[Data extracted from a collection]
>>>

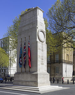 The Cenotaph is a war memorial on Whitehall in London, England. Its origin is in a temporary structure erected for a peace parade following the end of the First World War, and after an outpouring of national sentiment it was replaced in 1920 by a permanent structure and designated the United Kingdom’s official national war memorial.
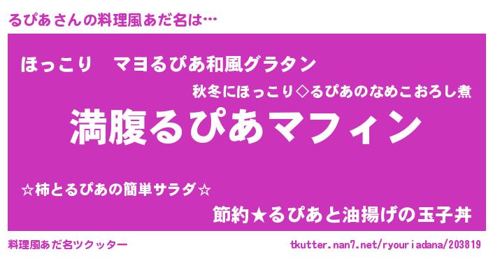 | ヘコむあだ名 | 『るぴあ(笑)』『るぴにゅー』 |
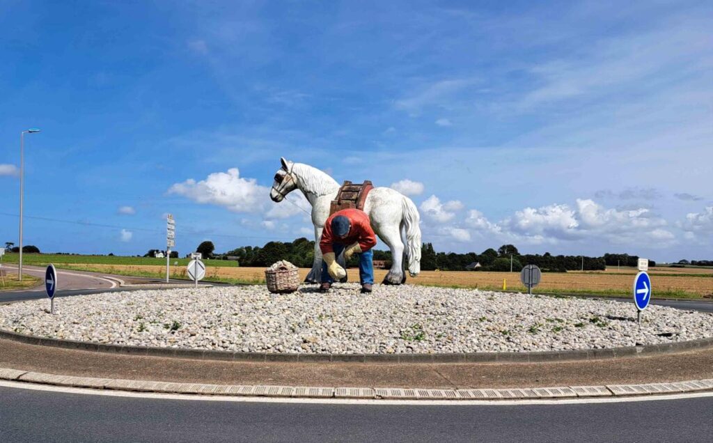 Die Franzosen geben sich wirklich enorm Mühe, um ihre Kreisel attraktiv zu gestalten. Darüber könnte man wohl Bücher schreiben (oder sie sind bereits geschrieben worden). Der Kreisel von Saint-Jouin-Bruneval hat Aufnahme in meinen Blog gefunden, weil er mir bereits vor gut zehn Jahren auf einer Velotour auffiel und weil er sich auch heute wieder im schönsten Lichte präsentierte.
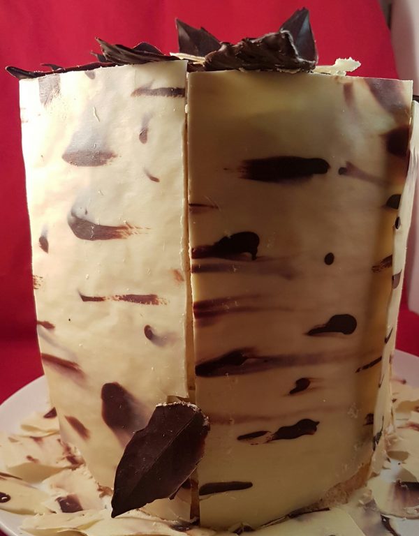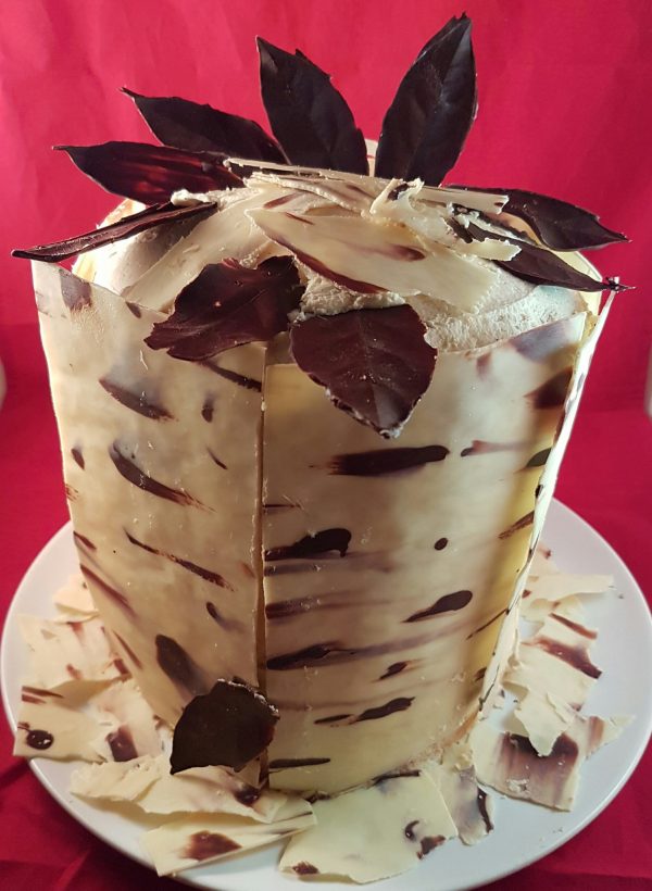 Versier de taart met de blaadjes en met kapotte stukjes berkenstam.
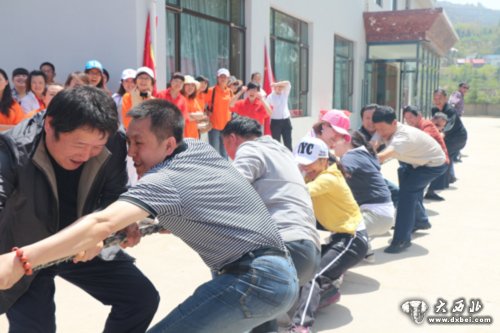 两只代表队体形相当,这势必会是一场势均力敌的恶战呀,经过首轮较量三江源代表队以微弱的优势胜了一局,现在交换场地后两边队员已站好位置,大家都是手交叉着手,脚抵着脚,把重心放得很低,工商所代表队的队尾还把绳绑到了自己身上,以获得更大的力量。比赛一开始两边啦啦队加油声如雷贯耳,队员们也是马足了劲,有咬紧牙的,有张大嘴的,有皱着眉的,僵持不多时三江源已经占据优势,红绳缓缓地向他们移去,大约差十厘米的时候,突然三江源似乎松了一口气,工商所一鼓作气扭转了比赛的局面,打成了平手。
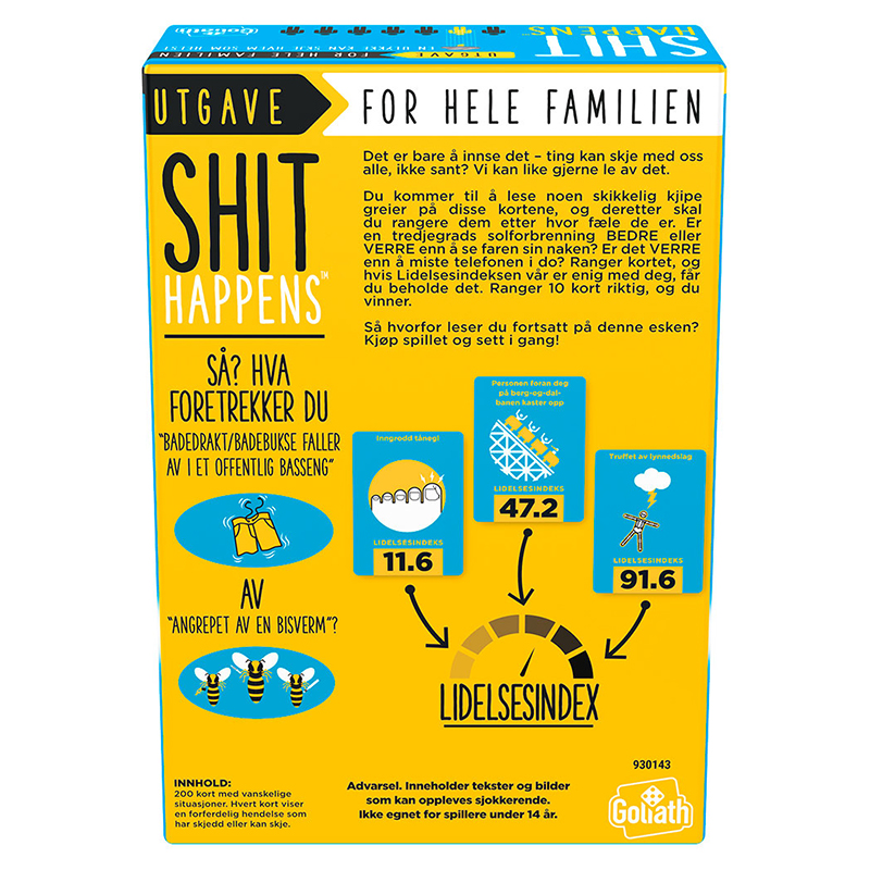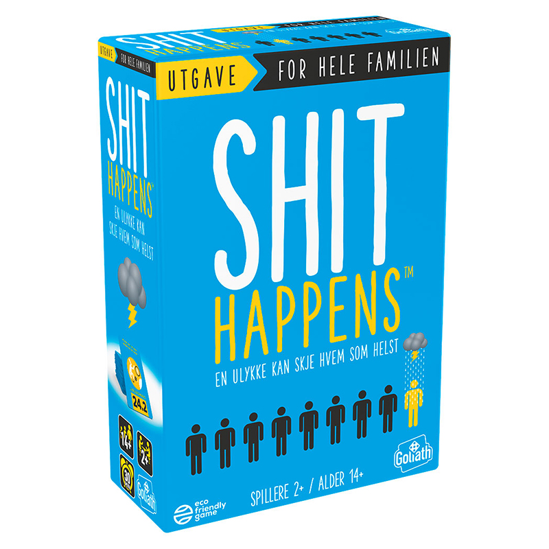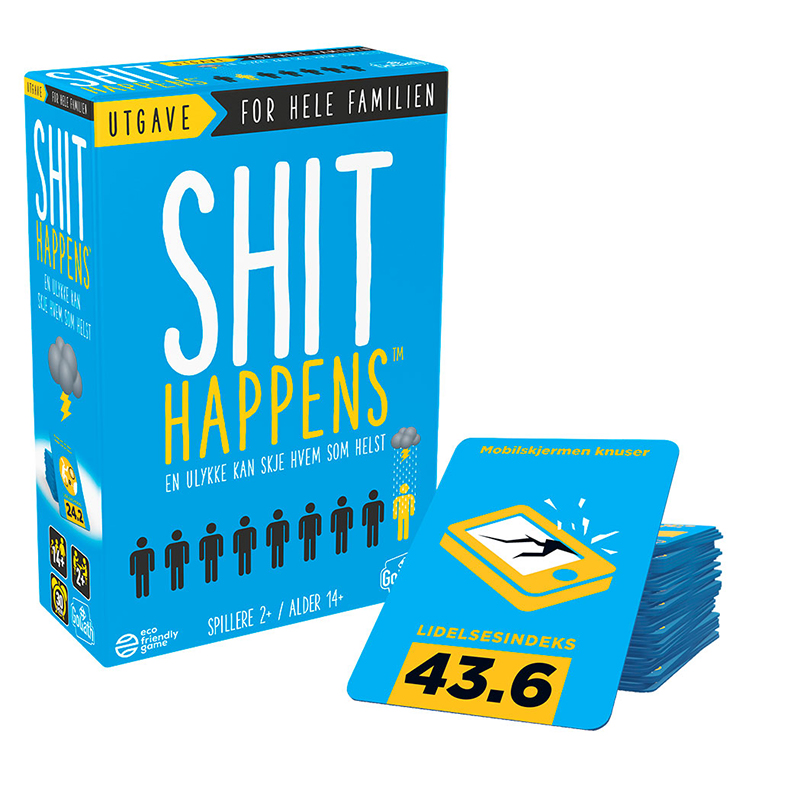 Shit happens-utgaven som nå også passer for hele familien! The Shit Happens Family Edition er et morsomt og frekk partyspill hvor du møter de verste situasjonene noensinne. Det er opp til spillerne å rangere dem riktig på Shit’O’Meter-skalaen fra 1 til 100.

<<<

■ Problem
All of the records above should be reproduced exactly, with the pictures left out.

■ Solution for this task
 The Cenotaph is a war memorial on Whitehall in London, England. Its origin is in a temporary structure erected for a peace parade following the end of the First World War, and after an outpouring of national sentiment it was replaced in 1920 by a permanent structure and designated the United Kingdom’s official national war memorial.
 | ヘコむあだ名 | 『るぴあ(笑)』『るぴにゅー』 |
 Die Franzosen geben sich wirklich enorm Mühe, um ihre Kreisel attraktiv zu gestalten. Darüber könnte man wohl Bücher schreiben (oder sie sind bereits geschrieben worden). Der Kreisel von Saint-Jouin-Bruneval hat Aufnahme in meinen Blog gefunden, weil er mir bereits vor gut zehn Jahren auf einer Velotour auffiel und weil er sich auch heute wieder im schönsten Lichte präsentierte.
 Versier de taart met de blaadjes en met kapotte stukjes berkenstam.
 两只代表队体形相当,这势必会是一场势均力敌的恶战呀,经过首轮较量三江源代表队以微弱的优势胜了一局,现在交换场地后两边队员已站好位置,大家都是手交叉着手,脚抵着脚,把重心放得很低,工商所代表队的队尾还把绳绑到了自己身上,以获得更大的力量。比赛一开始两边啦啦队加油声如雷贯耳,队员们也是马足了劲,有咬紧牙的,有张大嘴的,有皱着眉的,僵持不多时三江源已经占据优势,红绳缓缓地向他们移去,大约差十厘米的时候,突然三江源似乎松了一口气,工商所一鼓作气扭转了比赛的局面,打成了平手。
 Shit happens-utgaven som nå også passer for hele familien! The Shit Happens Family Edition er et morsomt og frekk partyspill hvor du møter de verste situasjonene noensinne. Det er opp til spillerne å rangere dem riktig på Shit’O’Meter-skalaen fra 1 til 100.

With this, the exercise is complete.